§ **What is expected**
Show every line from the entries that follow which holds the word "with".

§ **Material for this task**
----------

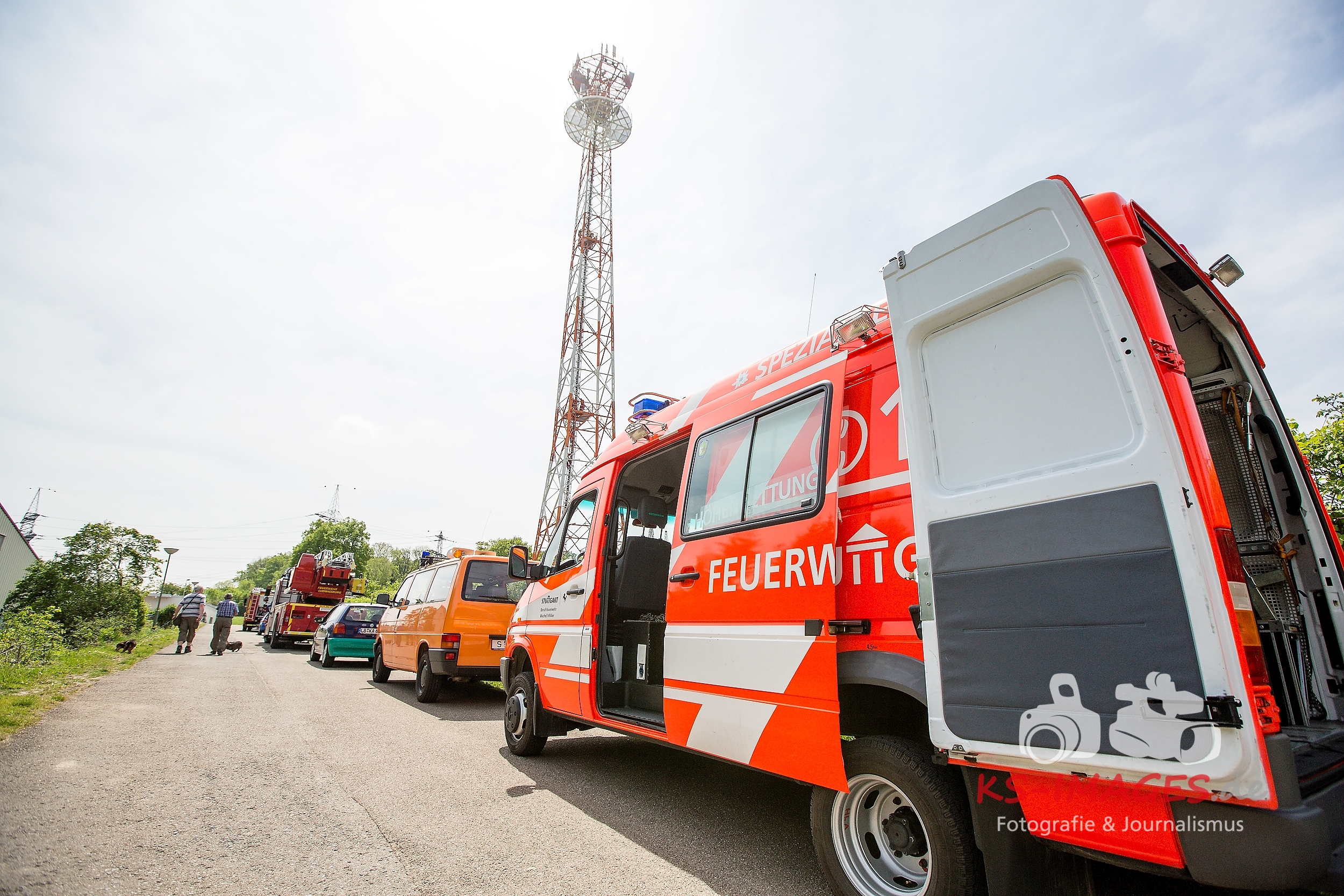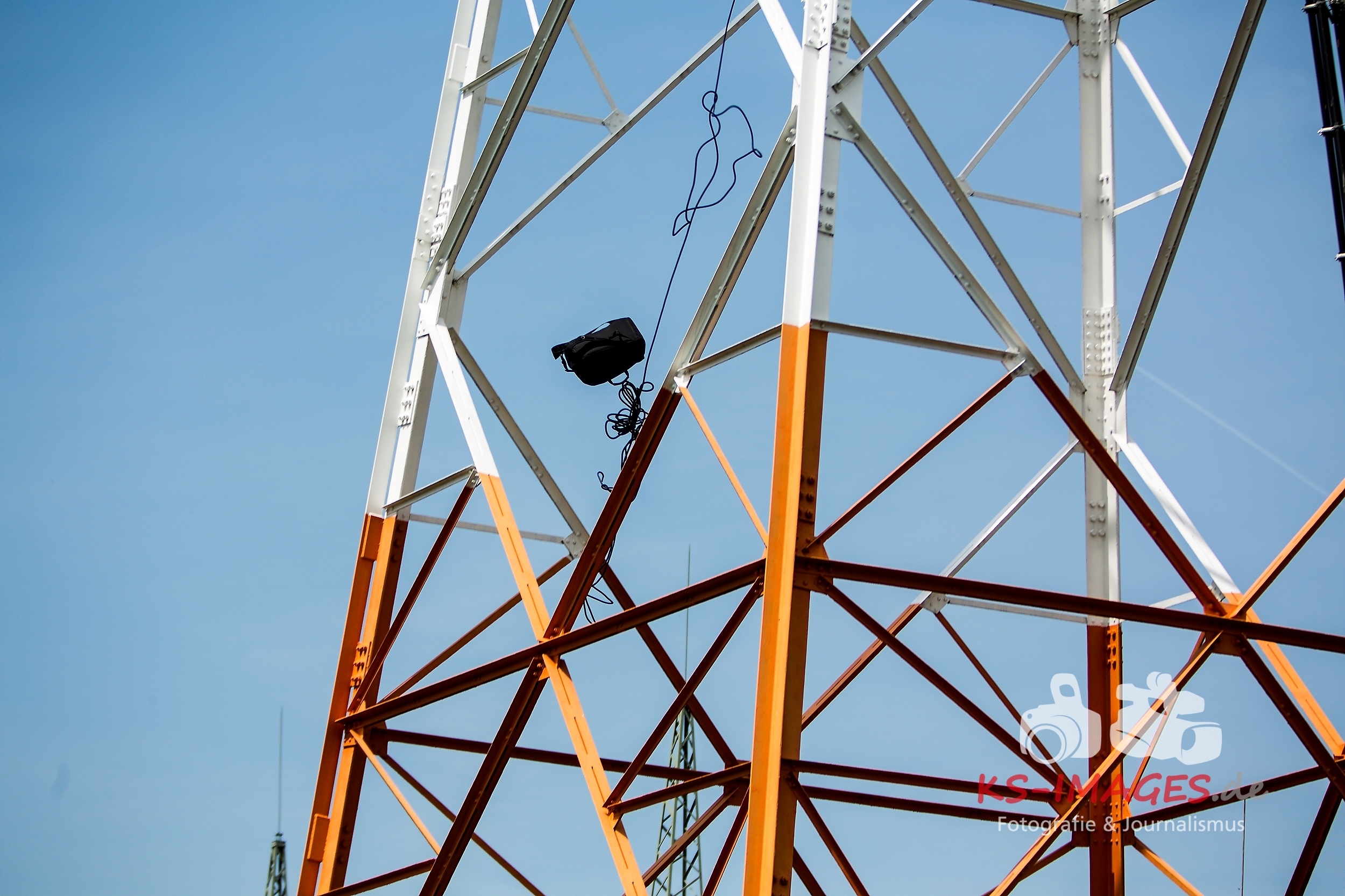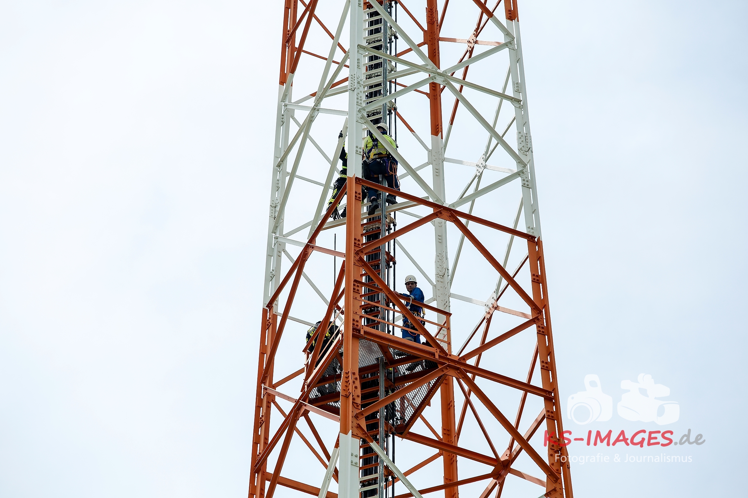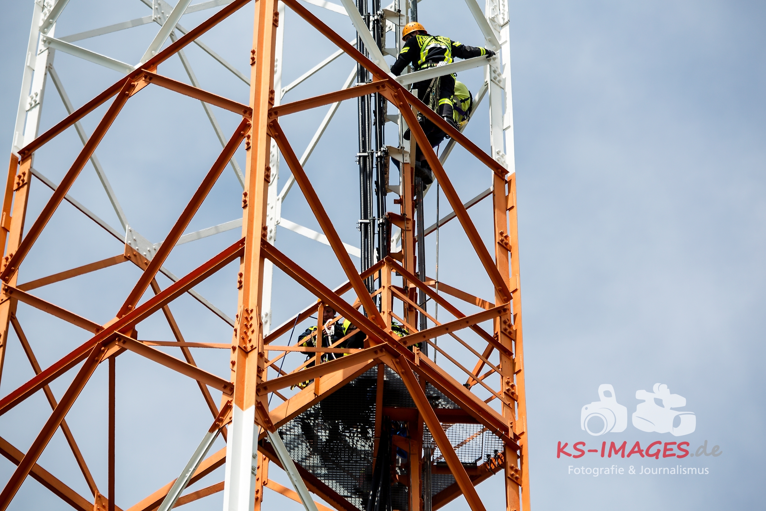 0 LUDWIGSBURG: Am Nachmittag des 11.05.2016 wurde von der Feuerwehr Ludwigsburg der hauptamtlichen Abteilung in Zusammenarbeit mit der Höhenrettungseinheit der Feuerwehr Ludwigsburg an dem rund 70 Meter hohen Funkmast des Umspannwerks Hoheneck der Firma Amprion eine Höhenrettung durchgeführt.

----------

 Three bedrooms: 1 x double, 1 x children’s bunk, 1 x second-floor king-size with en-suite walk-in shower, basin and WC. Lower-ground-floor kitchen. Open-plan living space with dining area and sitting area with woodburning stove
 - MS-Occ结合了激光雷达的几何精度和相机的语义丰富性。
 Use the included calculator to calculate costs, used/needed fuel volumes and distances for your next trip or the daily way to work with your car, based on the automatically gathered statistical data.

----------

§ **Answer box**
 Three bedrooms: 1 x double, 1 x children’s bunk, 1 x second-floor king-size with en-suite walk-in shower, basin and WC. Lower-ground-floor kitchen. Open-plan living space with dining area and sitting area with woodburning stove
 Use the included calculator to calculate costs, used/needed fuel volumes and distances for your next trip or the daily way to work with your car, based on the automatically gathered statistical data.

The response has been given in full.